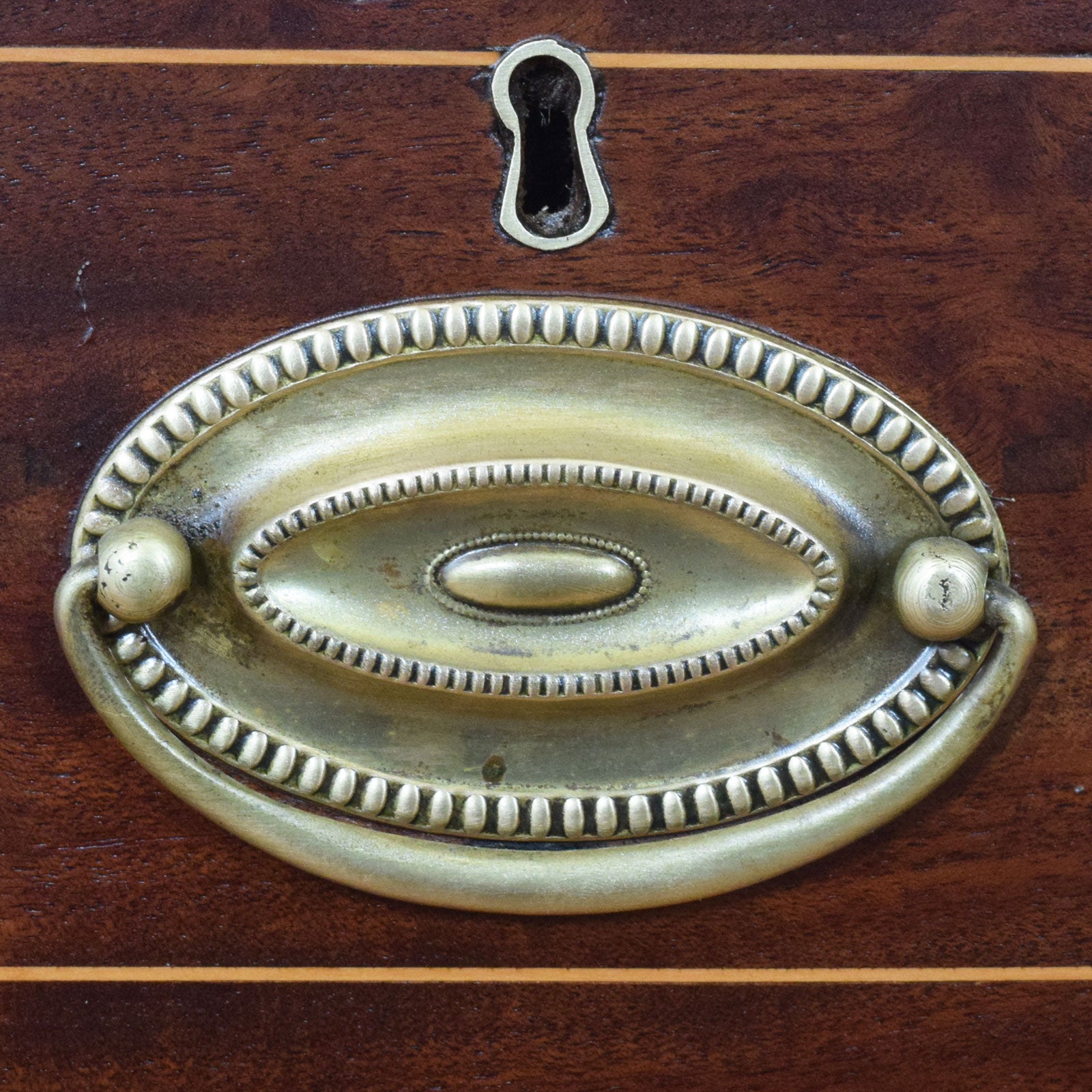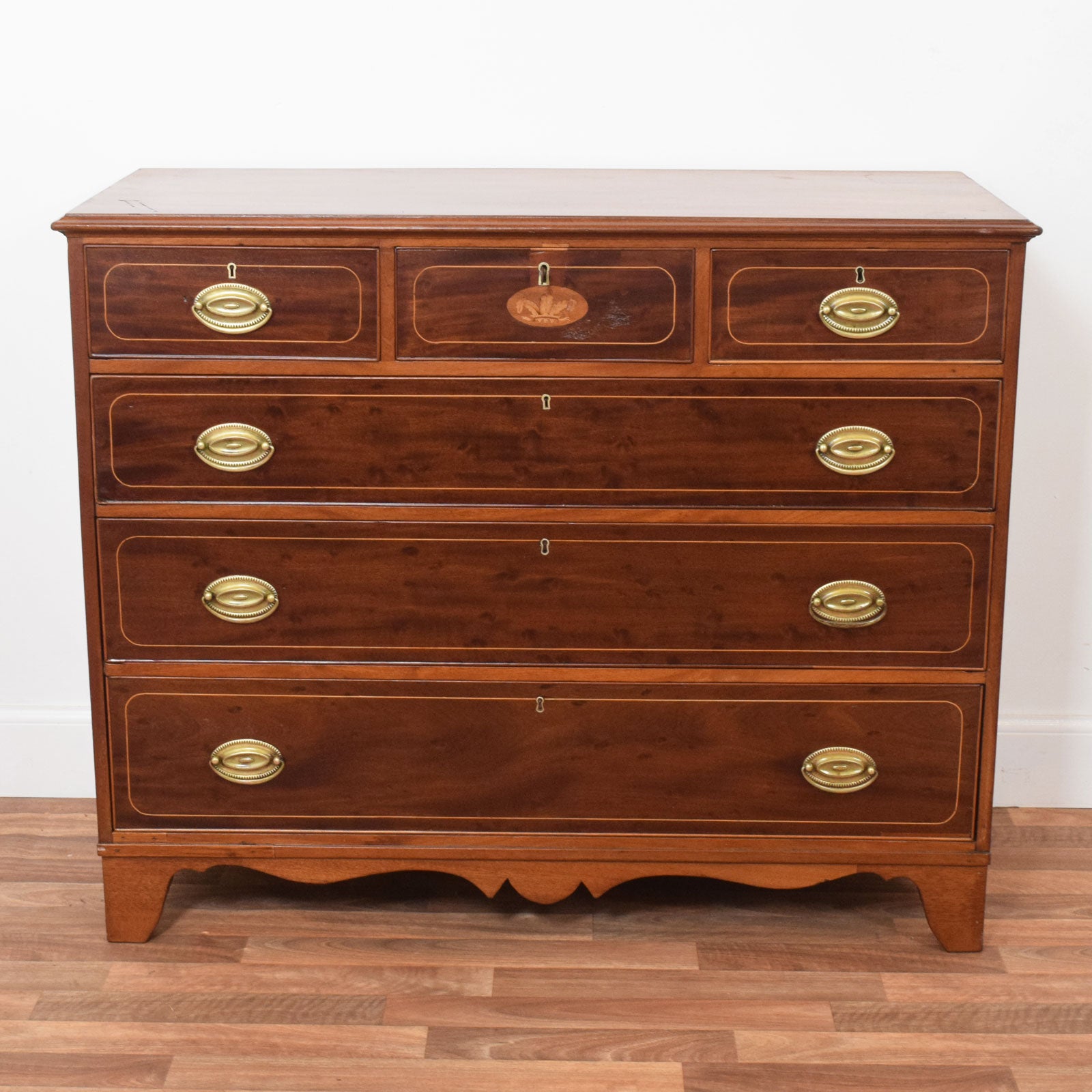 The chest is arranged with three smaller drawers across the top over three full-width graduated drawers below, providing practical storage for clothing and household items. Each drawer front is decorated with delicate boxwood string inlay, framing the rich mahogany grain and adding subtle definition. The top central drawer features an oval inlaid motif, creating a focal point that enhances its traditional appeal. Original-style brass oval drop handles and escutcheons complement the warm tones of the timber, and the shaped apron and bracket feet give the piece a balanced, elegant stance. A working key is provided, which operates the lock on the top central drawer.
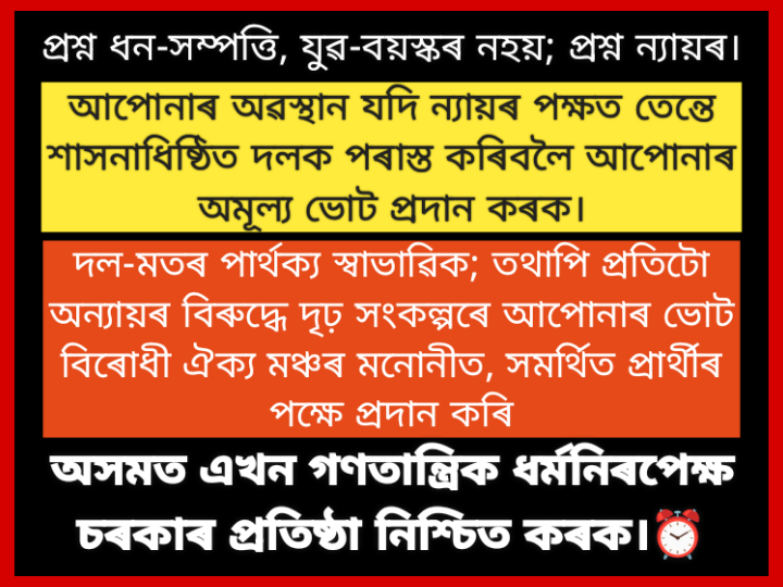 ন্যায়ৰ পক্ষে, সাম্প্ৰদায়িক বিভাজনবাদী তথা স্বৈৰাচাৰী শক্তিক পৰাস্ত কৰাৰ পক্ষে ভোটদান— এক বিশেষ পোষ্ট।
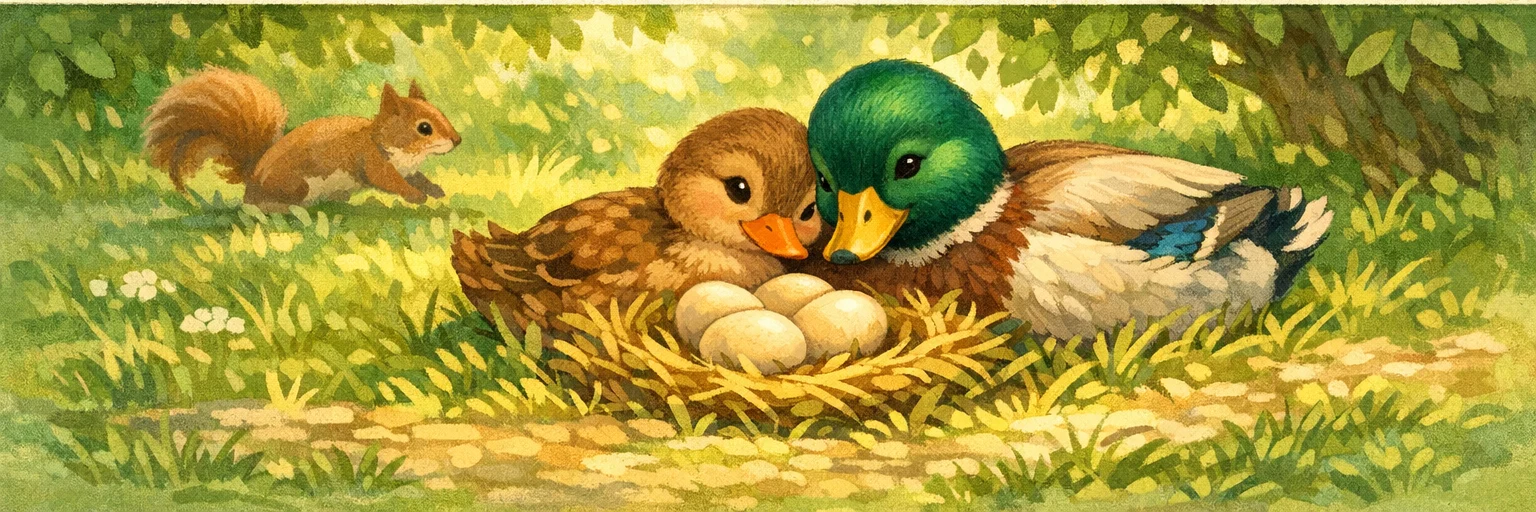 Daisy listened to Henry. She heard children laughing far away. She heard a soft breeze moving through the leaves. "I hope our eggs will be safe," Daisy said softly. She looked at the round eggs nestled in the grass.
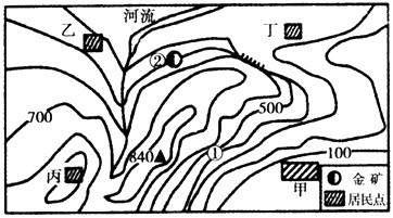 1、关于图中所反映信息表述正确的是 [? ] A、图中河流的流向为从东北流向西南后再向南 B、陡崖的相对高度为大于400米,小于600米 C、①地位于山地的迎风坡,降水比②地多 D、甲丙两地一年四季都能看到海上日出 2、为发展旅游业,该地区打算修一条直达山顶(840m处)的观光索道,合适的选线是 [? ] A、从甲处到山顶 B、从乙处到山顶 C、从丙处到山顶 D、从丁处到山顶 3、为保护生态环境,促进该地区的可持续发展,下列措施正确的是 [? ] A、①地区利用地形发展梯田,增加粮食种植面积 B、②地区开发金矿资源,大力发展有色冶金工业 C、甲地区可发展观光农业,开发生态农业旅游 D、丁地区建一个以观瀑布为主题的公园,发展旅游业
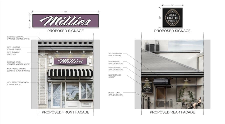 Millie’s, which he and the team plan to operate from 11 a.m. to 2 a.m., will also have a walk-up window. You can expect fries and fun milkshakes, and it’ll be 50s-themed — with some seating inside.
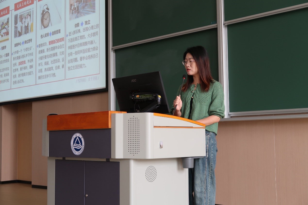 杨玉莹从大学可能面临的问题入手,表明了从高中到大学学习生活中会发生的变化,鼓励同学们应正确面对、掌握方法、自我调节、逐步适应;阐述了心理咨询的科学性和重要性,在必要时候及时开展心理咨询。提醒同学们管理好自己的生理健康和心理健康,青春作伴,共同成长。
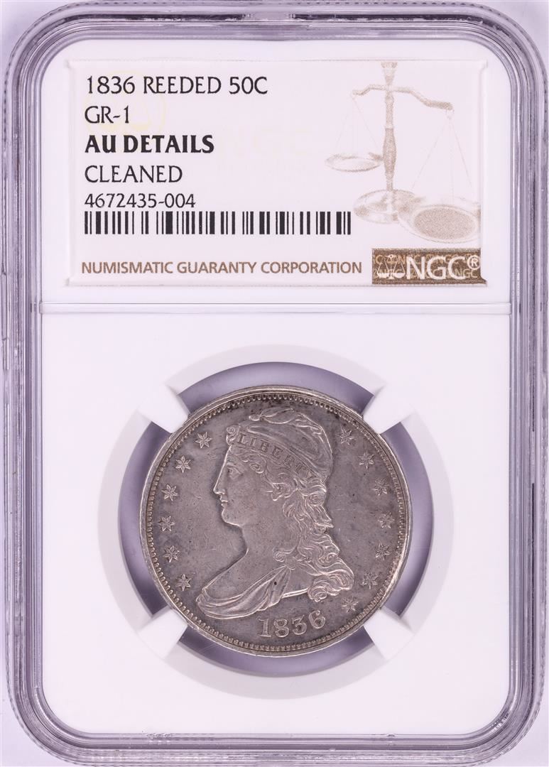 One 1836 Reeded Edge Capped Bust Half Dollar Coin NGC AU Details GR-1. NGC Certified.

────────────────

→ WHAT TO PRODUCE: Where a picture appears in the records above, omit it, and transcribe exactly the stretch of lines from the one with "ন্যায়ৰ পক্ষে, সাম্প্ৰদায়িক" through the one with "1、关于图中所反映信息表述正确的是 [? ]".

→ RESULT OF THE TASK:
 ন্যায়ৰ পক্ষে, সাম্প্ৰদায়িক বিভাজনবাদী তথা স্বৈৰাচাৰী শক্তিক পৰাস্ত কৰাৰ পক্ষে ভোটদান— এক বিশেষ পোষ্ট।
 Daisy listened to Henry. She heard children laughing far away. She heard a soft breeze moving through the leaves. "I hope our eggs will be safe," Daisy said softly. She looked at the round eggs nestled in the grass.
 1、关于图中所反映信息表述正确的是 [? ] A、图中河流的流向为从东北流向西南后再向南 B、陡崖的相对高度为大于400米,小于600米 C、①地位于山地的迎风坡,降水比②地多 D、甲丙两地一年四季都能看到海上日出 2、为发展旅游业,该地区打算修一条直达山顶(840m处)的观光索道,合适的选线是 [? ] A、从甲处到山顶 B、从乙处到山顶 C、从丙处到山顶 D、从丁处到山顶 3、为保护生态环境,促进该地区的可持续发展,下列措施正确的是 [? ] A、①地区利用地形发展梯田,增加粮食种植面积 B、②地区开发金矿资源,大力发展有色冶金工业 C、甲地区可发展观光农业,开发生态农业旅游 D、丁地区建一个以观瀑布为主题的公园,发展旅游业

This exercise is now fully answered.